Шутка ли, сын малоземельного казака (пусть даже не казака, а сельского священника) вдруг из черноземной своей глухомани переселяется в стольный Киев, на кропотливо ухоженную почву учености, в вертоград блистательных эрудитов, полемистов, проповедников!

Ну а Ломоносов, скажут, а Тредиаковский, Державин? Разве не с подобных неожиданностей и они начинали? И разве не составляло это свойство — неожиданность социальных перемен и перевоплощений — стиль целой эпохи? Можно ведь вспомнить множество имен одиозных и просто-напросто скандальных.
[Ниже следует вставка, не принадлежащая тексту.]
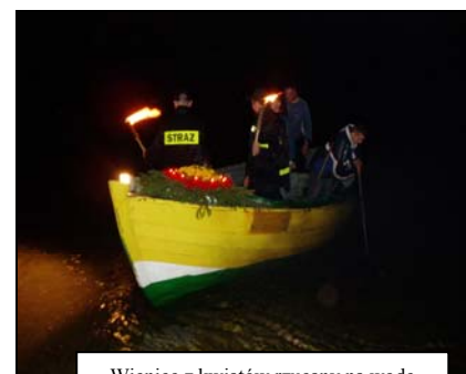
Wieniec z kwiatów rzucany na wodę
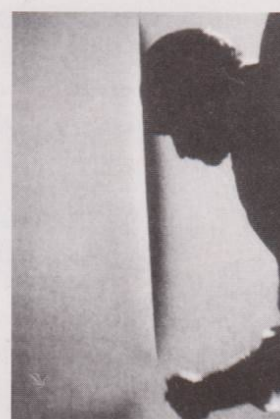
Lucio Fontana erstellt ein »Concetto spaziale« (Raumkonzept), Mailand 1965.
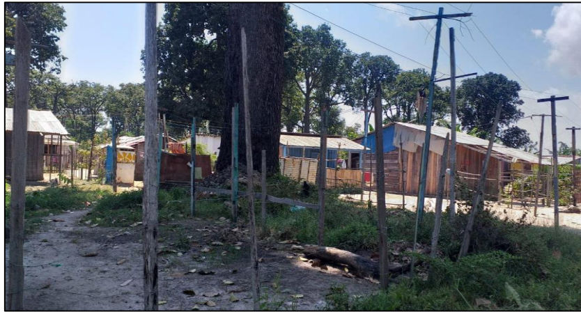
Figura 3 - Casas na Ocupação Castanhal.
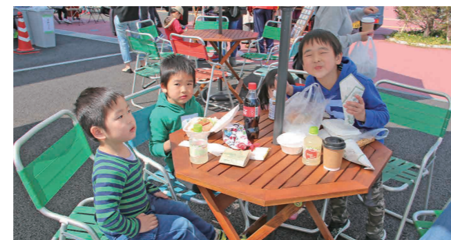
テーブルを囲み食事を楽しむ子どもたち
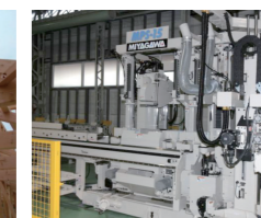
平成26年11月には横架材加工機を一新

Что-то содержалось в воздухе XVIII столетия, поощряющее такие вот резкие прыжки снизу вверх или же, наоборот, сверху вниз.

Вчерашний плебей или обносившийся дворянчик заутра оказывался «в случае» и важно примерял парик царедворца, а величественный полет грозного сановника неожиданно обрывался самым жалким трепыханием в прахе земном.

И пусть к этой иерархической чехарде, к этим театральным переодеваниям Сковорода так никогда и не привыкнет стиль эпохи косвенно скажется и на поворотах его судьбы.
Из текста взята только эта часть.